En aquel momento, resonó la sirena de un coche de policía. En el segundo que siguió, la jauría desapareció. Los dos policías se habían apeado y habían desenfundado. Sólo uno de ellos disparó, pero erró el tiro. Los cinco navajeros se habían lanzado a la calzada. La cruzaron. Se lanzaron a la Entrada del Extranjero, la Gran Colina a la izquierda, el Blockhaus y el terraplén que tenían delante.
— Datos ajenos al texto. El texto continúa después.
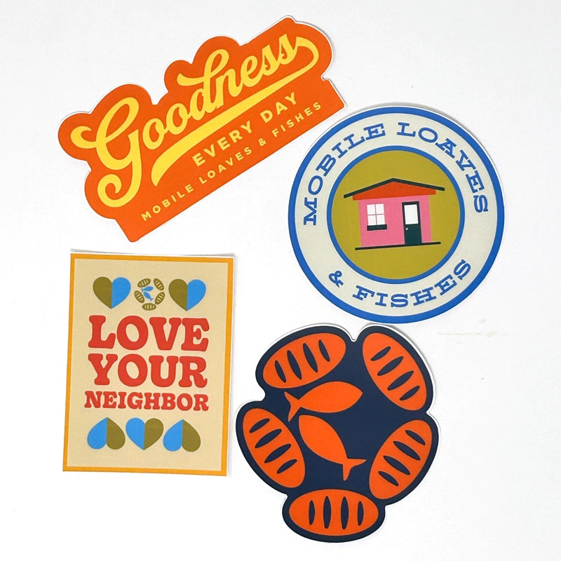 Our Sticker Pack #5 features our new MLF Tiny Home sticker, Love Your Neighbor sticker, Goodness Everyday sticker and the iconic MLF logo sticker.
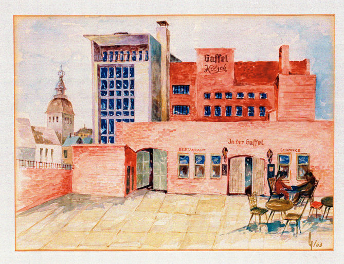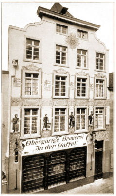 Foto der "Obergärigen Brauerei in der Gaffel", vermutlich zwischen
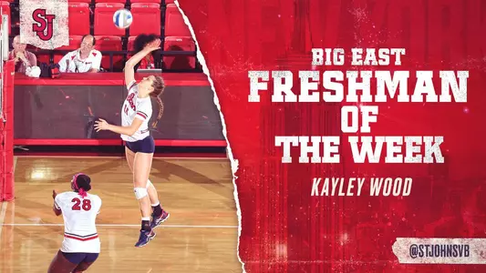 Wood, a freshman from Woodlands, Texas, earns her first BIG EAST Freshman of the Week honor after averaging 2.33 kills per set and five service aces in the two sweeps last weekend. The 6-2 right side hitter/middle blocker filled up the stat sheet in the win over the Wildcats with 10 kills, four digs, three blocks, three service aces and hit at a .348 clip to lift the Red Storm to its third-straight victory. A poised player beyond her years, Wood tallied six kills in the third set, including the final three kills of the match for the Johnnies.
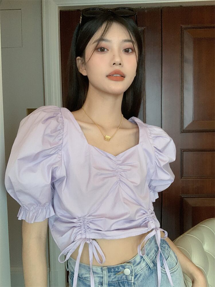 オールマッチパフスリーブシャツレディース2023年夏新デザインセンス巾着痩身ショートトップ サマー 夏物 0921912847301324
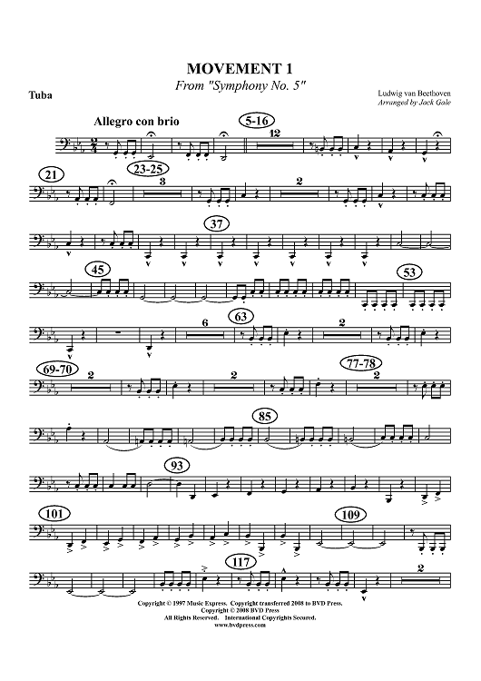 Digital Sheet Music for Movement 1 from "Symphony No. 5" - Tuba by Ludwig van Beethoven, Jack Gale scored for Brass Quintet; id:405034
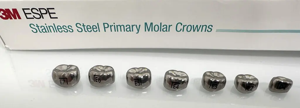 Korony stalowe to najszczelniejszy, najbardziej anatomiczny i korzystny dla pacjenta sposób odbudowy mocno zniszczonego zęba mlecznego. Korony są prefabrykowane, czyli mają różny kształt dla każdego mleczaka i występują w wielu rozmiarach. Powierzchnia żująca idealnie odwzorowuje anatomię zdrowego zęba. Po dobraniu odpowiedniej korony możemy ją przyciąć i dogiąć do kształtu zęba i przebiegu dziąsła.
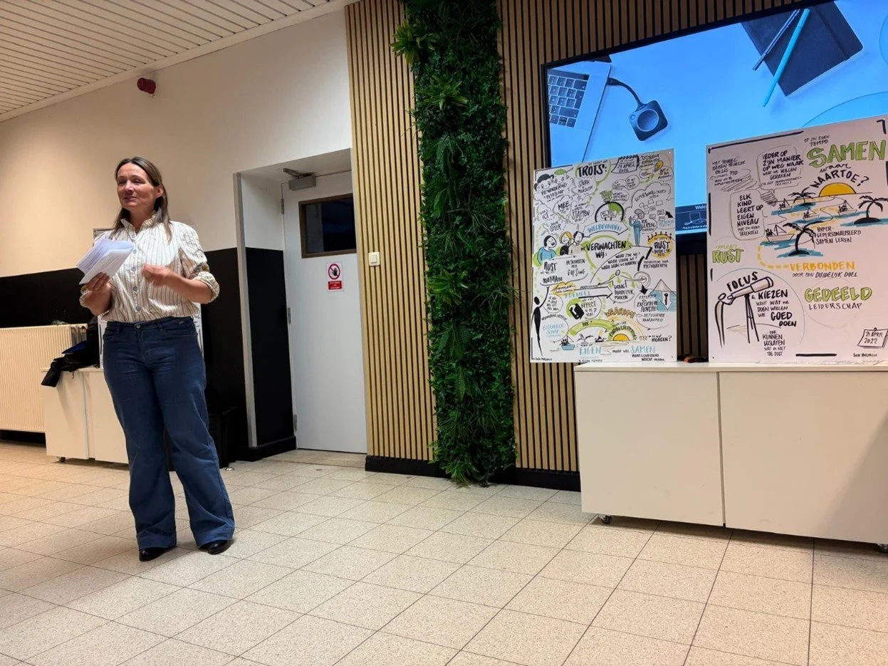 Daarna was het de beurt aan Esther De Caluwé, directeur van GO! Basisschool De Klimop Bonheiden om over het veranderingstraject in haar school te vertellen. De school heeft enkele jaren terug de schoolvisie vernieuwd en die mooi laten visualiseren door Axelle Vanquaillie. Ze gingen ook met een aantal leraren naar Sett en hoorden daar Peter Van de Moortel vertellen over Executieve Functies (toen daar in onderwijs nog weinig over werd gesproken). Begeleid door Peter gingen ze er als team mee aan de slag en startten ze ook met kindgesprekken. Dat liep niet van een leien dakje. In het begin was niet iedereen mee maar geleidelijk aan won de school aan draagkracht. Esther heeft heel goed op het tempo gelet: niet te snel, niet te traag. Toen de optie om met het EduNext transformatierad te werken, heeft ze dat even on hold gezet. Je kunt een team niet verder krijgen als ze nog niet instaat zijn om het te behappen. Esther spreekt dan ook over een traject zonder einde.

Desaparecieron en la inquietante noche de Central Park. Los dos policías aparentaron perseguirlos, pero se detuvieron en los accesos a la espesura de la Gran Colina.
No estaban locos.
Silencio, silencio y más silencio. Ann acabó preguntando:
—¿Qué te parece mi vestido?
—Normal —respondió Jimbo.
Era un vestido rojo. Artn estaba dentro de él. Ann, su vestido y Jimbo estaban cenando en un restaurante chino de la Segunda Avenida, más allá de la Calle 96.
—Jimbo, son un poco mas de las nueve y tengo hambre, dicho sea de paso, y tú llevas horas pensando sólo en los Genios. No hacemos otra cosa que observarlos, escucharlos o mirar a quienes se ocupan de ellos. Jimbo, yo soy tranquila, soy naturalmente pacífica, equilibrada y apacible. Con mi humildad de ser inferior, agradezco a Dios todos los segundos de todos los minutos de todos los días de mi vida que me obsequiara con un marido tan maravilloso como Jimbo Farrar. Una de cada dos mañanas, lloro de alegría y no quepo en mí de agradecimiento, yo que sólo tengo una inteligencia corriente. Muy bien.
—Voy a recibir una regañina —dijo Jimbo—. Lo intuyo.
—Me temo que sí y te la habrás merecido.
—Eso seguro.
Apareció el camarero, que blandía unas cartas tan grandes como los mapas de carreteras de Texas.
—No es necesario —dijo Ann—. Queremos pato lacado, cerdo agridulce, esas cositas con tallos de bambú, pichones, arroz cantonés y arroz blanco, pollo con almendras, gambas rebozadas y dorada imperial. Nada más, gracias. Vuelva a vernos cuando pueda. Hasta pronto. Espere: y vino tinto.
El
maître
miró a Jimbo con mirada extraviada.
—Así mismo —dijo Jimbo—. Una orden es una orden.
El
maître
tomó nota frenéticamente y después se alejó, con la expresión de abatimiento de un misionero rechazado hasta el mar por los canacos a los que se disponía a evangelizar.